The Old Drift
- First edition
- Author: Namwali Serpell
- Language: English
- Genre: Historical fiction, Science fiction
- Set in: Northern Rhodesia, Zambia 1903 - 2023
- Publisher: Hogarth Press
- Publication date: March 21, 2019
- Publication place: Zambia
- Media type: Print (hardcover and paperback), audiobook, e-book
- Pages: 576
- Awards: 2020 Arthur C. Clarke Award 2020 Anisfield-Wolf Book Award
- ISBN: 9781101907146

= The Old Drift =

2019 novel by Namwali Serpell

The Old Drift is a 2019 historical fiction and science fiction novel by Zambian author Namwali Serpell. Set in Northern Rhodesia/Zambia, it is Serpell's debut novel and follows the lives of three interwoven families in three generations. It won the 2020 Anisfield-Wolf Book Award as well as the Arthur C. Clarke Award.

== Plot ==
The novel is a saga that follows three families living in Zambia across three generations. These families are intertwined by the actions of the novel's first narrator, Percy M. Clark, who is based on a real man from Cambridge, England, who moved to Zambia (then Northern Rhodesia) in the early 20th century as one of Europe's many colonists across the African continent. In the novel's first chapter, Percy details some of his encounters as an early settler in The Old Drift, a settlement near Victoria Falls. He details the settlement's changing name, its growing population, and his racist views of the native Zambians. On one such occasion, Percy's actions at a bar one night cause a young girl to strike a young Zambian boy so hard that "he became an imbecile, forever smiling at the daisies," as Percy says. This Zambian boy reappears when Percy accidentally shoots him one day, and later learns that his name is N'gulube. This series of events is the cause behind the intertwining of the families, which is slowly revealed through the rest of the novel as Serpell details the lives of the family members on the family tree: the Grandmothers (Sibilla, Agnes, and Matha), the Mothers (Sylvia, Isabella, and Thandiwe), and their Children (Joseph, Jacob, and Naila).

== Reception ==
Reviewing it in The Guardian, Nadifa Mohamed wrote: "Namwali Serpell’s first novel is a rambunctious epic that traces the intertwined histories of three families over three generations. …Serpell is an ambitious and talented writer, with the chutzpah to work on a huge canvas." The Observer's review concluded, "By the end, set in a near future involving a new digital device embedded in the user’s skin, we realise how slyly Serpell is testing our assumptions, before a cunning last-minute swerve forces us to question why we don’t consider science fiction a viable mode for the great African novel."

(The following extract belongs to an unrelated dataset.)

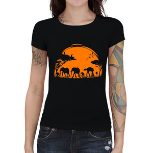 Votre oeil de geek les avaient bien sûr repérés, se camouflant derrière de paisibles éléphants pour mieux nous prendre par surprise: un AT-AT et un AT-ST de l’Empire ! Par contre, aviez-vous trouvé les deux vaisseaux dans le ciel ? Très graphique, et distillant une jolie ambiance, Africa Wars est un de vos tee-shirts Star Wars préférés de Checkpoint !
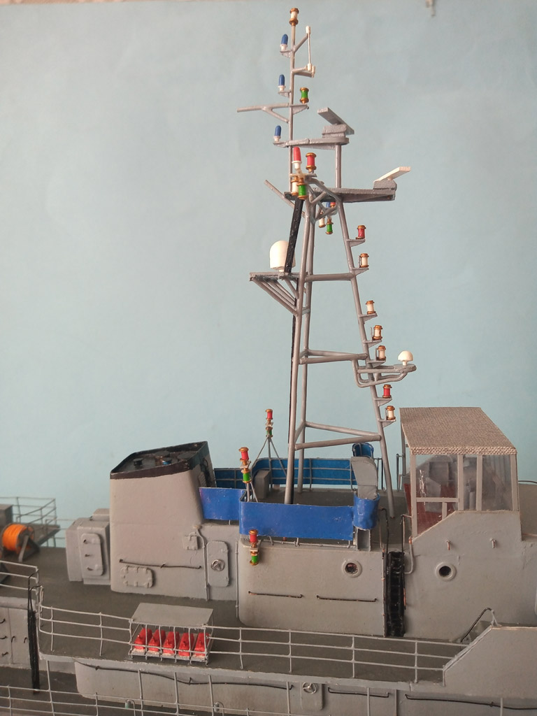 Na "choince " zamontowane światełka - brak jeszcze antenek ( 2 szt) ale nie wiem jak zrobić . Na dziobie troche przybyło i poprawiony reling

In The Old Drift, Serpell experiments with different forms of narrative in order to help readers view the story from different viewpoints. NPR's Annalisa Quinn called Serpell's narrative style "florid, but the excess often comes with a point. These are indeed three ways humans think about space: As something legible and predictive, as a resource to exploit, and as a source of beauty and awe. You also get the sense that the descriptive excess is a conscious choice".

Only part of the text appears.